The criteria for trans women to participate in women's sport needs to be addressed.
That's according to chair of the board of TENI - Transgender Equality Network Ireland - Sarah Phillips.
She was speaking after Olympian Sonia O'Sullivan said transgender people 'without a doubt' have an unfair advantage in sport.
"It's on the fringes of sport at the moment - but it's something that a lot of people are wondering about, if it's something that should be allowed or not in women's sport, Ms O'Sullivan told Newstalk on Thursday.
"That a male who becomes a transgender woman, are they allowed to then compete against biological women?
"With the science behind it all, it just doesn't make sense that they should be allowed to do that," she added.
Sarah told The Hard Shoulder the debate should be viewed by how society treats transgender people generally.

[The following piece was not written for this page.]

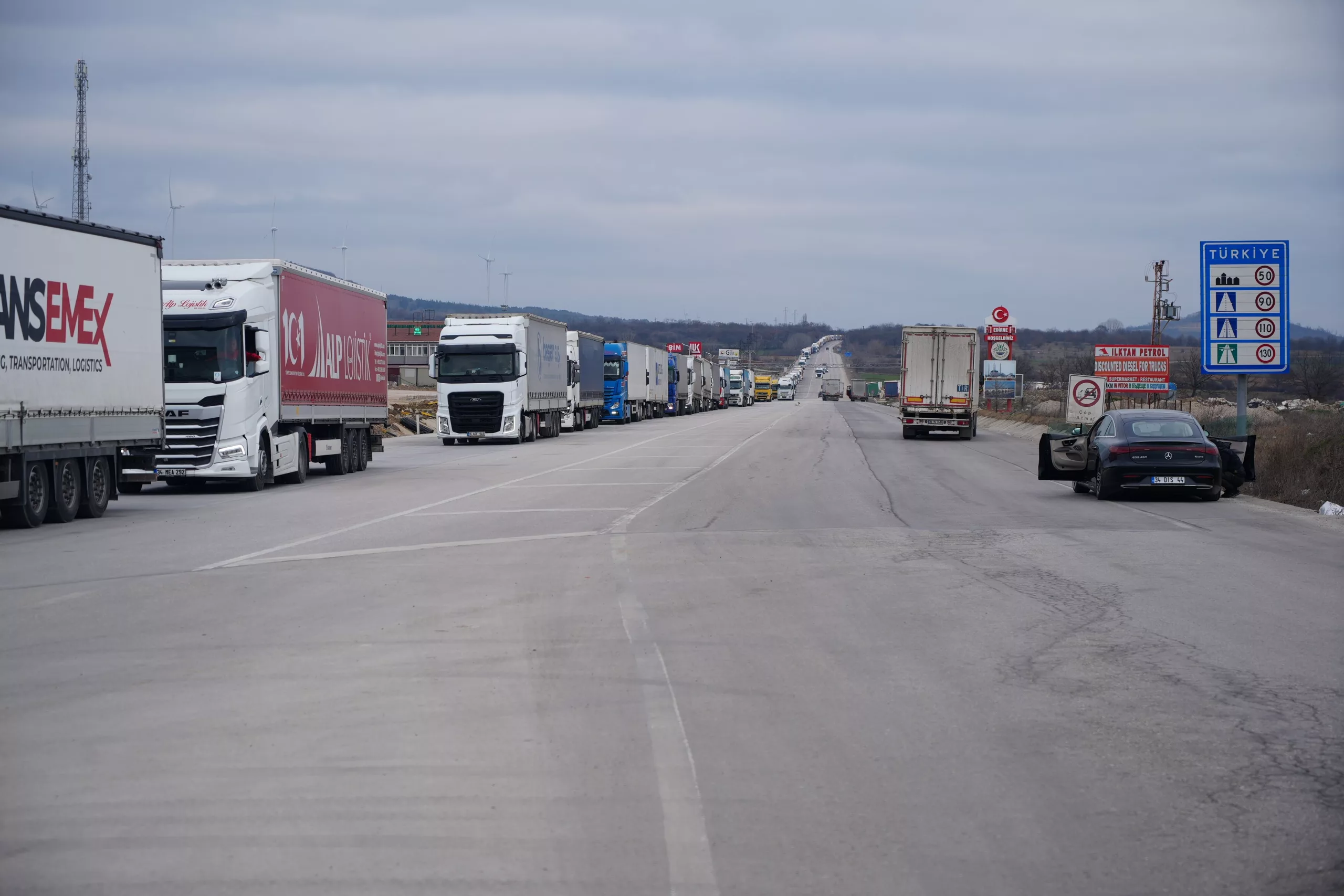 Hundreds of truck drivers waiting to cross into Bulgaria at the Hamzabeyli Border Gate in Edirne have formed a 17-kilometer queue in freezing temperatures. Drivers blame the congestion on system updates and slow customs processing on the Bulgarian side.

"The Olympic Committee addressed this 11 years ago and put in rules around it.
"But clearly, in that period of time, we haven't seen this onslaught of trans athletes come out of the woodwork to try and win all of these medals that people are saying we're going to do.
"From a scientific point of view and a biology point of view, there is conversation pieces that we need to have.
"Yes we need to look at the biology, we need to look at the science - but I would argue that there is a lot of evidence out there you can put against what evidence we bring in."
'One individual moment'
Sarah says the debate seems focused on one or two individuals.
Citing the example of Laurel Hubbard, the first known transgender person to participate in the Olympics, Sarah notes she didn't win any medals.
"Constantly this happens - that we pick one individual moment - and I think it's good to have the conversation.
"We have to ensure that transgender athletes can participate in sport.
"What I think we need to do is step back and look at society's view of transgender people generally, before we start looking at our participation in any form of society whatever".
She says: "The point is what is wrong with one woman winning a medal?
"This is again going back to how trans people - specifically trans women - are treated within society.
"What you're basically saying is that that trans woman is not a woman, you're saying that that trans woman is a man.
"And that's what's key here that we need to address: generally society haven't got that far in their thinking, and we need to look at that.
"Why are we picking one moment when a transgender woman, who happens to excel within a sport, has won a medal?
"We can go back and say the same thing when black women were excluded within the sport.
"When that first black woman won a medal did we say 'This is inherently [un]fair on all the white women who were competing before that'".
And she adds: "I think we do need to address what is the criteria that trans women can participate within women's sport, the same way as every other woman can".
'A separate category'
Earlier Irish champion powerlifter Rehana Manier said she 'felt cheated' after losing to a transgender woman in 2018.
She earlier told Newstalk she didn't realise who she was up against.
"I had an experience a couple of years ago, at a World Championships in 2018, I was competing there for Ireland.
"I was up against a transgender, which I didn't actually realise at the time.
"You go and check the board to see what your competitors are lifting at, and see what you need to go in to win.
"I got beaten by a transgender and [they] took my world records, which I was very disappointed with.
"I felt cheated, to be honest, that this had happened to me.
"Genetically men are obviously stronger than women; so I felt at a very unfair disadvantage".
Rehana says a new category should be brought in.
"I really think it's unfair to the athletes, to the women of the world, and it just seems to be getting more and more disappointing for the women who we train so hard for - especially as professional athletes.
"I think there should be a separate category, personally, it's uproar all over the world - it's terrible".